One could go on and on pointing to the various evidences in different sources that point to the prominence of the temple in Joseph's thinking before the foundation of the church. Heck, he talked about the temple of Nephi enough that his uncle ridiculed him over it.
Hasa wrote:I actually think the Book of Mormon is full of enactments by the various characters of the experiences of those around Joseph Smith as well as his own. It seems to through multiple stories of conversions and then the invitation to have your own at the end seem to be an attempt to get others to experience his religious experiences. So it wouldn't surprise me if he included his experiences in his rituals too.
Exactly.
Hasa wrote:Don't get me wrong from a scholarly perspective I can understand why it can be interesting to look at something like the Book of Mormon and compare it to other cultures, ancient and modern spiritual experiences etc I think it's an interesting and worthwhile exercise. However I think you could do the same with almost any work of literature and produce results that would match depending on the genre. I think there is also a tendency to read into the text things that aren't really there. The common motifs and experiences that people have and share are real and are shared across the world so I wouldn't deny that those engaged in writing the Old Testament when constructing it, may have had similar experiences to a writer hundreds of years later who was engaged in writing also. I don't however think that Joseph Smith was showing any knowledge of near eastern culture whether through perceptive reading of the Bible, other sources or revelation.
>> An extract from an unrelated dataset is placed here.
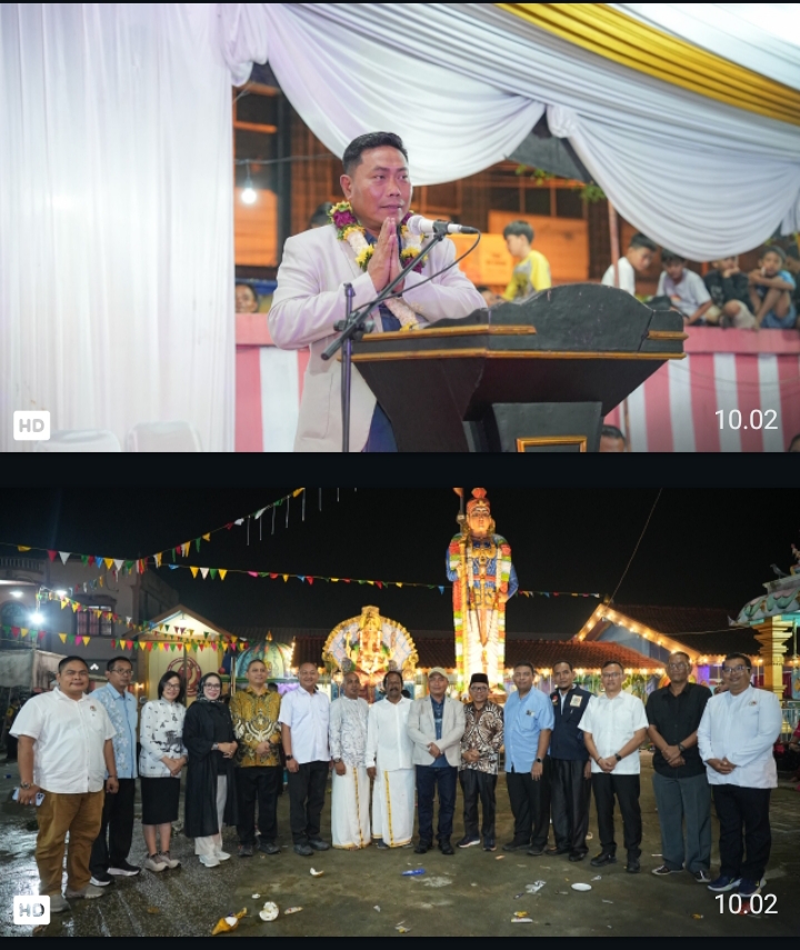 Wakil Bupati Deli Serdang, Lom Lom Suwondo SS, menegaskan pentingnya menjaga toleransi dan kerukunan antarumat beragama saat menghadiri Perayaan Maha Puja Panguni Uthiram Tahun 2026 di Kuil Shri Thendayudhabani, Lubuk Pakam, Rabu malam (1/4/2026).Melalui perayaan ini diharapkan lahir insan yang berbudi pekerti luhur, penuh kasih, serta mampu menciptakan kedamaian dalam kehidupan bermasyarakat.

Your objections could be applied to almost any scholarly interpretation of literature. Go read Stanley Fish. What I don't get is how and why this is a problem for you. It seems to me that the hang up is on the question of whether Don is actually Hugh Nibley or not, not whether his presentation was interesting and enlightening in any way. Personally, I don't see what "actual knowledge of the ancient near east" has to do with anything. Maybe the FAIR people are concerned about that, but I don't know why. Was Joseph Smith living in ancient Mesopotamia or Israel? Why should I care whether he evinced insider knowledge of antiquity? The guy was living in the 19th century. I don't give a crap.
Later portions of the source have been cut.